Я чувствую, как Хелен пристраивается рядом. Слава богу, кажется, она потеряла дар речи, наконец-то. Это называется «укрепления», я читала о них, но раньше не видела, и думается, что сам Иона не видел зрелища страшнее этого, даже когда попал в глотку кита.
Должно быть, мы добрались до ворот, потому что позади нас раздается требование предъявить документы, запоздалый необходимый оклик от парня-дозорного, отбившегося, кто знает, от парламента или короля? Когда привратник поднимает полотняный тент, чтобы осмотреть человеческий груз, мы съеживаемся и как можно плотнее закутываемся в потрепанные шали. Он высоко держит фонарь, и мы видим его рябое, как шмат мяса, лицо.
– Однако, – гогочет стражник, разглядывая наши белые фигуры сквозь полумрак, – выглядят они не очень, но пахнут будь здоров.
И хотя всего за последние сутки половину из нас раздели догола и малознакомые люди втыкали в наши тела булавки, сейчас мы испытываем гораздо большее унижение: этот чужак, этот мужчина из Колчестера, имеет право смотреть на нас, пересчитывать нас и говорить, как, по его мнению, мы пахнем.
– Если ненависть прикрывается обманом, то откроется злоба их в собрании праведников, – грустным голосом цитирует Притчи Хопкинс с высоты седла, и я глубоко ненавижу его за это.

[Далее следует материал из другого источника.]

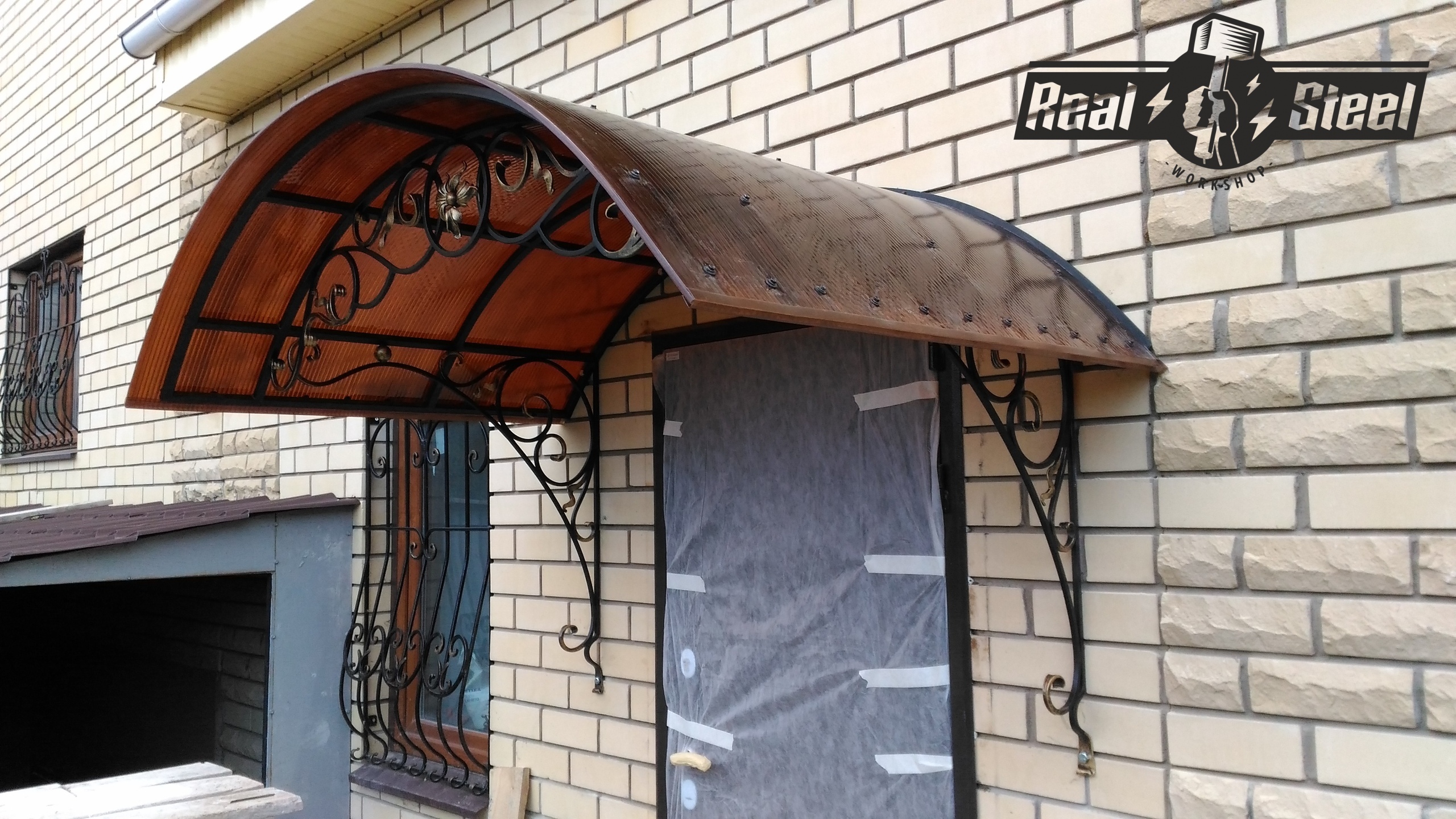 Благодаря изысканным и конструктивным формам, кованые козырьки не только защитят входящих в дом от атмосферных осадков, но и придадут экстерьеру дома элегантности. Сотрудники компании изготавливают многочисленные вариации и модификации кованых козырьков:
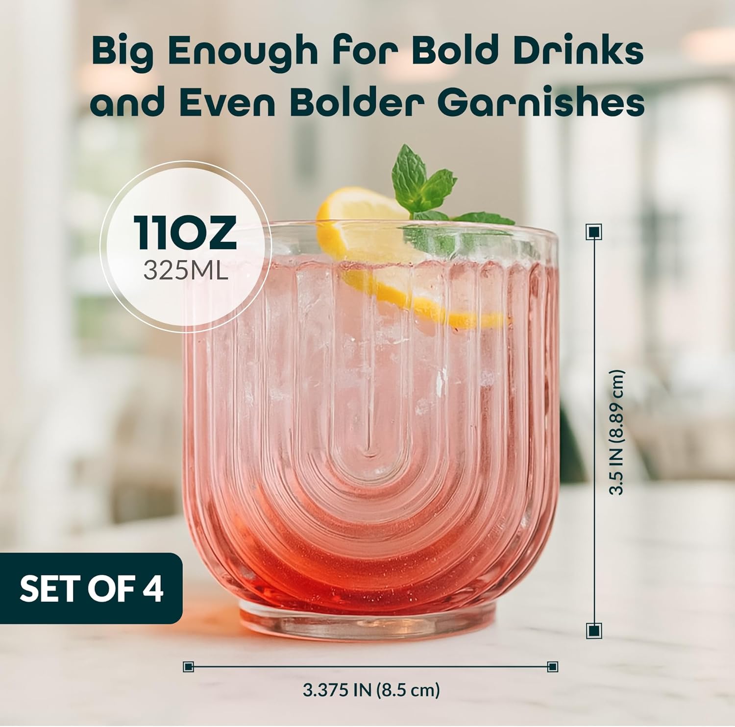 - 💖ELEGANT DESIGN: Art Deco U-shaped pattern in pink glass creates a stunning vintage-inspired look perfect for any home bar or dining setting. These blush pink double old-fashioned whiskey glasses are perfect for a variety of alcohol beverages including spirits neat or on the rocks, cocktails, bourbon, scotch or any other soft cold drink like water and juice.
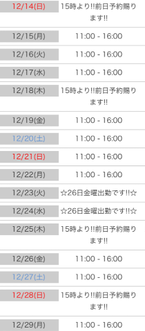 12月後半の出勤予定♡ 12/13 20:07

– Да, полагаю, так и будет, – жизнерадостно отвечает сторож.
Затем Хопкинс произносит еще несколько коротких общих фраз официального толка.
– Семеро в замок! – выкликает сторож.
Я слышу, как скрипят открываемые ворота. Здесь тоже слухи опередили Разоблачителя ведьм. Ополченцам приходится ехать впереди, чтобы расчищать повозке путь через центральную улицу, запруженную беженцами из эссекских деревень, гонимых из своих домов огнем, или голодом, или иными причинами, – исхудавшие лица, руки, воздетые навстречу благочестивому джентльмену, одетому в безупречно-черный бархат. Я не отрываюсь от прорехи в тенте, потому что мне важно знать, как выглядит город. Он выглядит так: калеки шаркают по улицам с чашами для подаяния и табличками на шее, на которых написано «ПОЖАЛУЙСТА Я ГОЛОДЕН БОГ БЛАГОСЛОВИТ»; у трактиров и домов собраний другие люди, вряд ли более богатые, проповедуют перед неулыбчивыми зрителями на фоне облупившихся стен с объявлениями о травле медведей и исследованиях мочи от лекарей-шарлатанов. Вижу бродягу, у которого на поводке паршивая полулысая обезьянка, танцующая под звуки тростниковой флейты. Здесь много того, на что можно посмотреть, но еще больше запахов: разит потными лошадьми, дымом горящих дров и табаком, мочой, пивом и болезнями, селедкой и язвами. Увидев повозку с эскортом солдат, уличный прорицатель выкрикивает: «Возмездие за грех – смерть!», и содержимое переполненного помойного ведра выплескивается на тент. Женщина скрючилась в колодках, седые волосы затвердели вокруг темно-красной окровавленной раны. Город, оказывается, это голод, но также наслаждение. Есть и другие женщины, наверное, это и есть шлюхи: на их платьях из грязной яркой тафты вырез до половины груди, волосы уложены напомаженными завитушками и локонами. Некоторые из них выглядят такими красивыми; они высовываются из окон верхних этажей – румяные щеки, мужские руки на талии, – и я удивляюсь, что их жизнь проходит во грехе, но они не страдают от этого, как я. И я желаю быть на их месте, хотя это само по себе грех.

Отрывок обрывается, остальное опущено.